Key Facts
- •Claimant Bob Mackenzie (BM) alleges Rosenblatt Solicitors acted negligently in advising him on a conspiracy claim against AA plc and others.
- •BM was dismissed from AA for gross misconduct and believed a conspiracy to injure him existed.
- •The conspiracy claim was abandoned, leading to consent orders dismissing parts of the claim with BM paying costs.
- •BM claims damages for costs incurred due to the abandoned conspiracy claim and seeks rescission of a fixed fee agreement.
- •The central issue is whether Rosenblatt should have advised BM that the conspiracy claim was unpleadable or weak.
Legal Principles
Misconduct Allegation Principles
SRA Code of Conduct 2011, paras 5.7 and 5.8
Standard of proof for conspiracy claims
Medcalf v Mardell [2002] UKHL 27, CEF Holdings Ltd v Mundey [2012] EWHC 1524 (QB), Ivy Technology v Martin [2019] EWHC 2510 (Comm), Lakatamia Shipping Co Limited v Nobu Su [2012] EWHC 1907 (Comm)

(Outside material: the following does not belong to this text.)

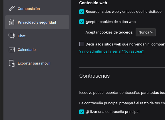 Settings > Privacy and security > Password > Use main password (translated from Spanish).
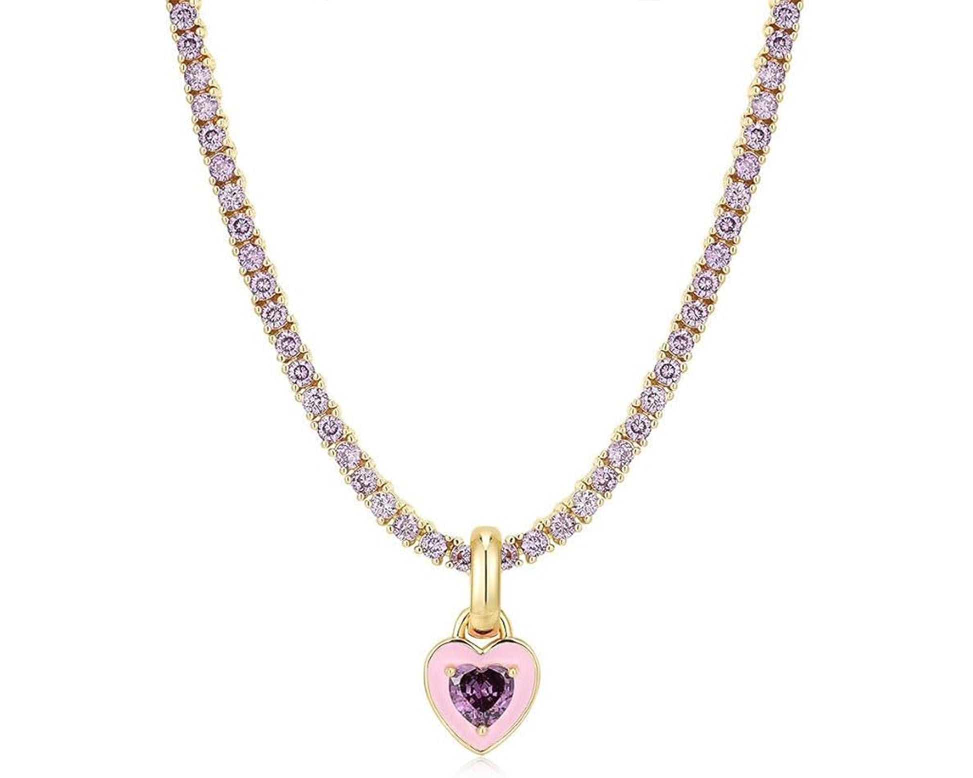 Pink Diamond Heart Choker With Tennis Chain

Causation and mitigation of loss
Not explicitly cited, but discussed throughout
Misrepresentation
Not explicitly cited, but discussed throughout
Outcomes
Rosenblatt Solicitors breached their duty of care in four ways.
They failed to adequately advise BM about the weakness of the conspiracy claim, the failure of the original strategy, the risk of strike-out applications, and failed to inform BM of Counsel's advice.
None of the breaches caused BM loss.
BM's strong belief in the claim, and his determination to pursue it even when advised of its weakness, meant that he would have pursued the case even with non-negligent advice.
BM's misrepresentation claim against Rosenblatt fails.
IR's statement that he didn't know the outcome of the strike-out application was not a false representation, as his uncertainty was genuine.
BM's claim is dismissed.
No causation of loss was established from the breaches of duty.